-------- Dataset extract
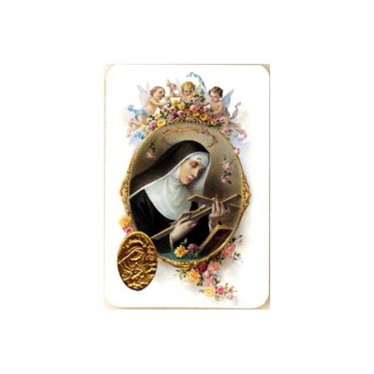 La carte est plastifiée, ainsi elle s'abîmera moins. En ce qui concerne son aspect visuel, elle est imprimée en couleur. Observez la douceur du dessin et de l'atmosphère qui s'en dégage. Au recto, vous pouvez observer l'image de Sainte Rita de Cascia tenant dans ses mains le crucifix et l'adorant de tout son cœur. A cette image vient s'ajouter un poinçon doré, semblable à une médaille dorée de Sainte Rita. Au verso, comme sur toutes les cartes, vous pourrez lire la prière qui va avec l'image. Les dimensions de la carte de prière sont de 5,4 centimètres par 8,5 centimètres: grâce à sa petite taille, vous pourrez ainsi l'emmener partout avec vous. Cette carte sera parfaite dans votre portefeuille (elle est au format carte de crédit), dans votre voiture, ou partout ailleurs.
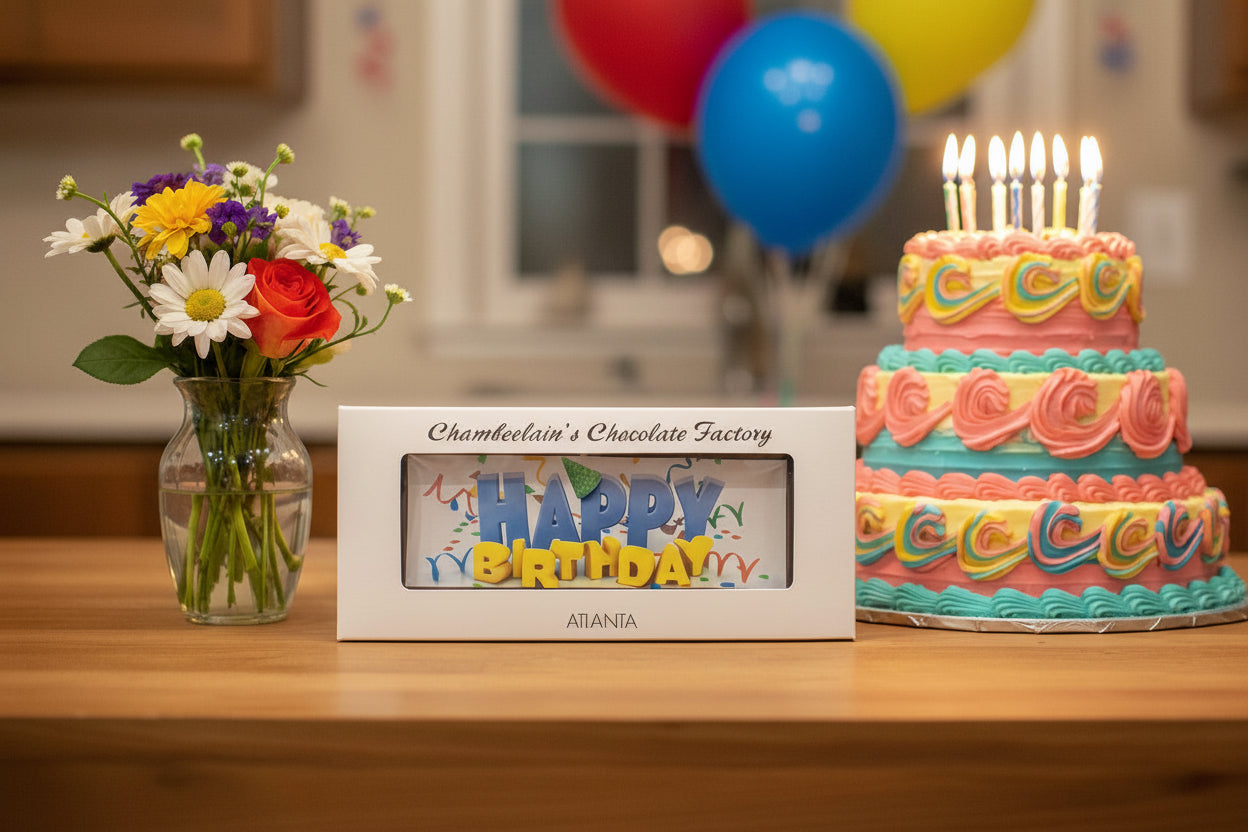 This large chocolate bar features an edible design for that great birthday person. Choose from one of two designs, to make it a unique and tasty treat for any chocolate lover. Available in our milk, white, or semi-sweet chocolate. 7" by 3.25"
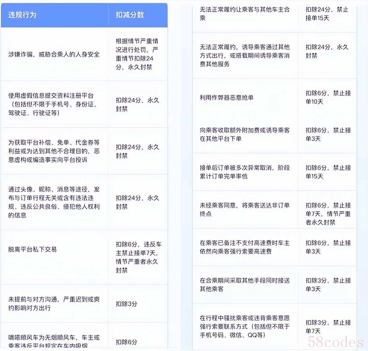目前,嘀嗒出行对车主和乘客对违规行为均制定了详细管理规则,一旦核实无误就将生效。在嘀嗒出行行为分管理机制中,一旦车主出现阶段累计完单率低(多次异常取消)、在合乘期间采取其他手段同时接送其他乘客,诱导私下交易、言语恶劣等行为,均会禁止接单并扣除相应行为分,一旦12分行为分被扣至零分,第一次将禁止接单15天,第二次将永久封禁。
----------------
**The task**:
In full and without error, repeat the listing above, omitting its images.

**Solution to this exercise**:
 La carte est plastifiée, ainsi elle s'abîmera moins. En ce qui concerne son aspect visuel, elle est imprimée en couleur. Observez la douceur du dessin et de l'atmosphère qui s'en dégage. Au recto, vous pouvez observer l'image de Sainte Rita de Cascia tenant dans ses mains le crucifix et l'adorant de tout son cœur. A cette image vient s'ajouter un poinçon doré, semblable à une médaille dorée de Sainte Rita. Au verso, comme sur toutes les cartes, vous pourrez lire la prière qui va avec l'image. Les dimensions de la carte de prière sont de 5,4 centimètres par 8,5 centimètres: grâce à sa petite taille, vous pourrez ainsi l'emmener partout avec vous. Cette carte sera parfaite dans votre portefeuille (elle est au format carte de crédit), dans votre voiture, ou partout ailleurs.
 This large chocolate bar features an edible design for that great birthday person. Choose from one of two designs, to make it a unique and tasty treat for any chocolate lover. Available in our milk, white, or semi-sweet chocolate. 7" by 3.25"
目前,嘀嗒出行对车主和乘客对违规行为均制定了详细管理规则,一旦核实无误就将生效。在嘀嗒出行行为分管理机制中,一旦车主出现阶段累计完单率低(多次异常取消)、在合乘期间采取其他手段同时接送其他乘客,诱导私下交易、言语恶劣等行为,均会禁止接单并扣除相应行为分,一旦12分行为分被扣至零分,第一次将禁止接单15天,第二次将永久封禁。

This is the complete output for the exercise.